Selain urusan skandal seks (ingat perselingkuhan Presiden
Kennedy dan Marilyn Monroe?), Hoover memakai isu korupsi, manipulasi,
komunisme-McCarthyism, rasialisme, dan keamanan nasional, sebagai pembenaran
aksi-aksi sanderanya.
Ia memakai segala cara, memanipulasi Informasi dan
menggalang opini publik untuk memperkuat
agendanya. Ia ditakuti oleh anggota kongres, senator, termasuk presiden AS.
Delapan presiden tidak berani memecatnya karena berisiko akan diungkap
rahasianya. Kekuasaannya, selama 48 tahun sebagai direktur FBI, baru berakhir
saat kematiannya,
Jokowi beberapa tahun menjelang akhir kekuasaannya memakai
metode J. Edgar Hoover untuk konsolidasi membangun kekuatan politik. Dengan metode ini, sebagai politikus yang tak
berpartai, ia ingin melanjutkan kekuasaan. Ia sukses membawa anak, menantu,
kerabat, dan kroninya menduduki posisi penting, serta memantabkan posisinya
sebagai "king maker". Ia sukses membawa Prabowo, bersama Gibran,
putra sulungnya, menduduki tahta kekuasaan.
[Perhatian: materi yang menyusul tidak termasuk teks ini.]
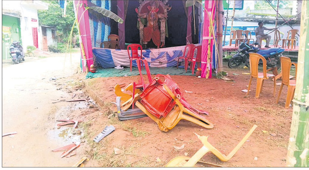
ଗଣେଶ ପରେ ଭଙ୍ଗାଗୁଡ଼ା ଅବଶେଷ ପଡ଼ିଥିବା ଦୃଶ୍ୟକୁ ଦେଖାଉ ।

■ ଉଭୟ ପକ୍ଷର ୩ ଗୁରୁତର, ୭ ଜେଲ ଗଲେ ■ ପୋଲିସ୍ ଉପସ୍ଥିତିରେ ଗୋଡ଼େଇ ଗୋଡ଼େଇ ପିଟିଲେ

Namun, apakah metode politik sandera ala Hooverian Jokowi
bakal efektif ketika ia tidak lagi berkuasa secara formal? Apakah ia bisa
menggunakan wakil presiden Gibran--dan 19 menteri atau wakil menteri--sebagai
proxy untuk melanjutkan ambisi politiknya, dan menjadikan (pemerintahan) Presiden
Prabowo sebagai sandera?
Dari susunan personel kabinet yang kental "beraroma
Jokowi" kuat terkesan Prabowo sedang tersandera secara politik. Sejumlah
policy awal juga menunjukkan ada cawe-cawe Jokowi. Termasuk, misalnya, mendadak
menjadikan Tom Lembong, sebagai tersangka dan menjebloskannya ke penjara.
Pertanyaan krusial, apakah Prabowo sedang tersandera, menderita gejala Stockholm Syndrom, akan
terjawab dalam beberapa minggu ke depan. Misalnya apakah ia konsisten untuk
berani menjebloskan (men-Tom-Lembong-kan) para menteri perdagangan yang ikut mengimpor
manisnya gula? Termasuk "mengejar sampai ke Antartika" kasus-kasus
korupsi yang membelit sejumlah menteri pengunyah wortel yang proxy-Jokowi?
Kalau persekusi, pentungan tongkat, terhadap para menteri
dan pejabat korup tidak juga terjadi. Boleh jadi asumsi bahwa Prabowo
tersandera, dan "tak berdaya" sedang menikmati wortel Jokowi, cukup
valid.
Apakah Prabowo sedang tersandera, karena gejala Stockholm
Syndrom atau terancam metode Edgar Hoover (akan diungkap rahasia skandalnya)?
Cepat atau lambat bakal bisa diketahui. Apapun faktanya, tidak seharusnya
Indonesia dikelola oleh pemerintahan yang berada di bawah tekanan atau
tersandera. Prabowo tidak ada pilihan lain, selain harus melawan. (***)
Penulis adalah pengamat sosial dan politik.